Each table can have only one row filter, and it accepts input parameters that bind to specific columns of the table.
Column Masks:
Column masks allow you to transform or mask specific column values before returning them in query results.
To apply column masks:
Create a function that defines the masking logic.
Apply the masking function to a table column using an ALTER TABLE statement.
Alternatively, you can apply the masking function during table creation.
Unity Catalog Best Practices:
When setting up Unity Catalog, consider assigning a location to a catalog level. For example:
CREATE CATALOG hr_prod LOCATION 'abfss://mycompany-hr-prod@storage-account.dfs.core.windows.net/unity-catalog';

You can apply column masks to transform or conceal specific column values before returning them in query results. Here’s how you can achieve this:
Create a Masking Function:
Define a function that specifies the masking logic. This function will be used to transform the column values.

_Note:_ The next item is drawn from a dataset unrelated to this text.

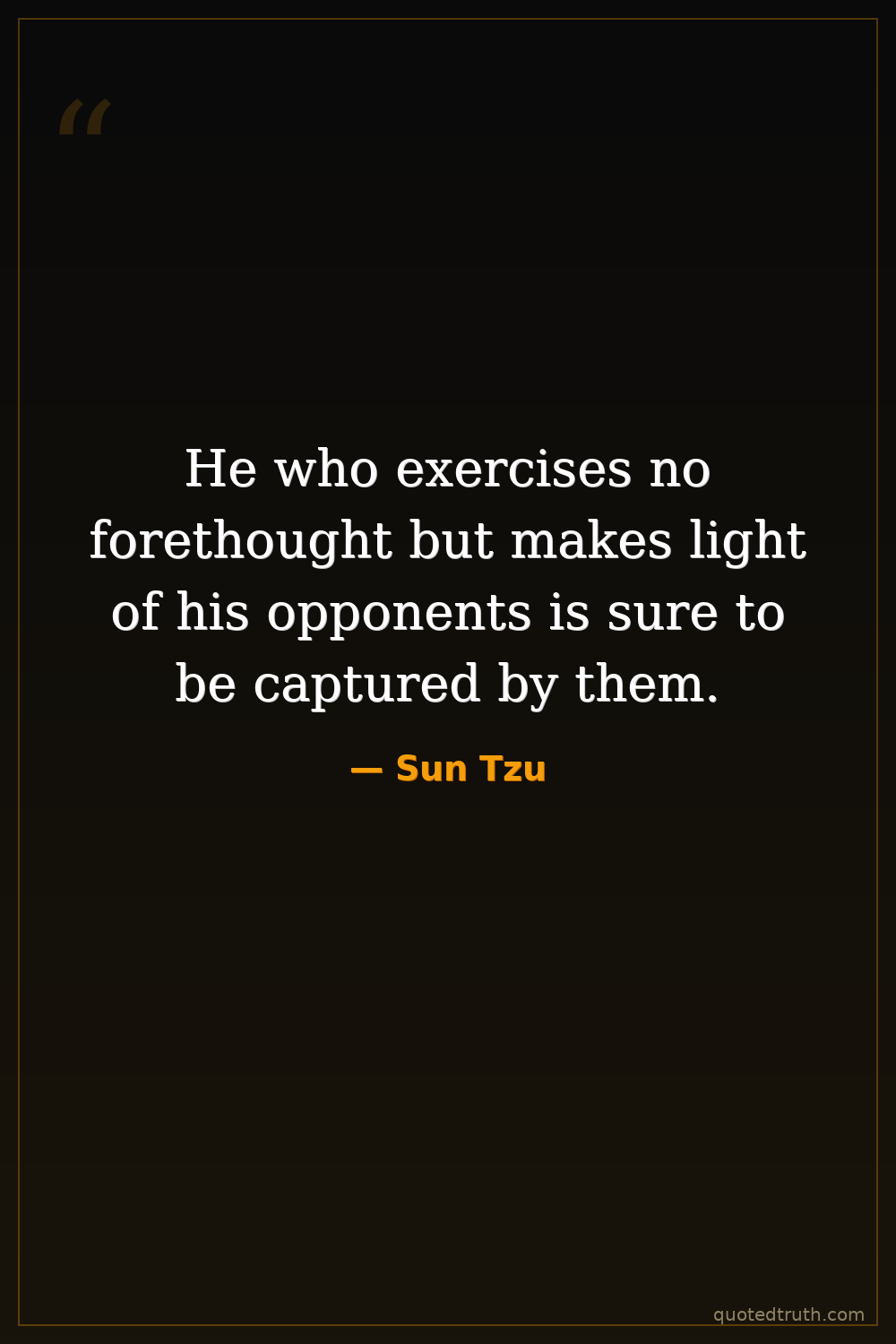 He who exercises no forethought but makes light of his opponents is sure to be captured by them.

For example, let’s say you want to mask the last four digits of a credit card number. You can create a masking function that replaces the last four digits with asterisks.
Apply the Masking Function to a Column:
Use an ALTER TABLE statement to apply the masking function to a specific column.

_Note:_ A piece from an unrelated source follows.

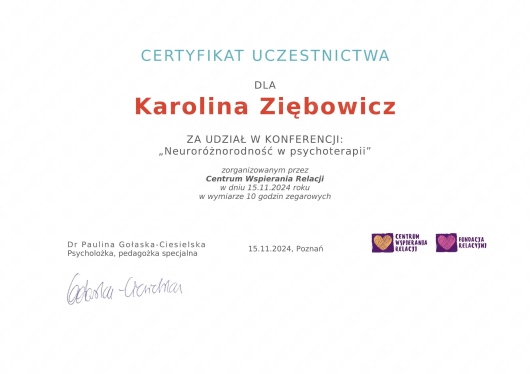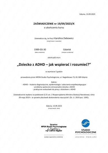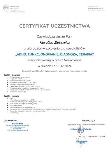 Do pani Karoliny zgłosiłam się w celu wykonania diagnozy w kierunku ADHD. Jestem bardzo zadowolona z tego, jak przebiegł ten proces. Wizyty (łącznie 5 - jedna zapoznawcza, dwie wizyty pod kątem ADHD i dwie pod kątem spektrum autyzmu) przebiegły w miłej i profesjonalnej atmosferze, pani Karolina była do nich przygotowana, pamiętała fakty z poprzednich wizyt. Czułam się swobodnie i co najważniejsze czułam się dobrze zrozumiana. Wizyty były punktualne, gabinet bardzo przyjazny. Dostałam też polecenia literatury i innych źródeł do własnej psychoedukacji co bardzo doceniam. Opinia, którą dostałam po całym procesie jest wnikliwa i szczegółowa. Serdecznie polecam proces diagnozy u pani Karoliny.

For instance, if you have a column named credit_card_number, you can apply the masking function to it:
ALTER TABLE my_table SET COLUMN MASK credit_card_number USING my_masking_function;
Example Masking Function:
Suppose you want to mask the last four digits of a credit card number with asterisks. You can create a masking function like this:
CREATE FUNCTION my_masking_function AS BEGIN RETURN CONCAT('************', RIGHT(credit_card_number, 4)); END;
Query the Table:
When querying the table, the masked values will be returned instead of the original values.

Let’s focus on how you can achieve column masking in Databricks using Delta Lake:

Column Masking:
- Delta Lake allows you to apply column-level transformations or masks to sensitive data.
- You can create custom masking functions to modify specific column values before returning them in query results.
Creating a Masking Function:
- Define a user-defined function (UDF) that specifies the masking logic. For example, you can create a function that masks the last four digits of a credit card number.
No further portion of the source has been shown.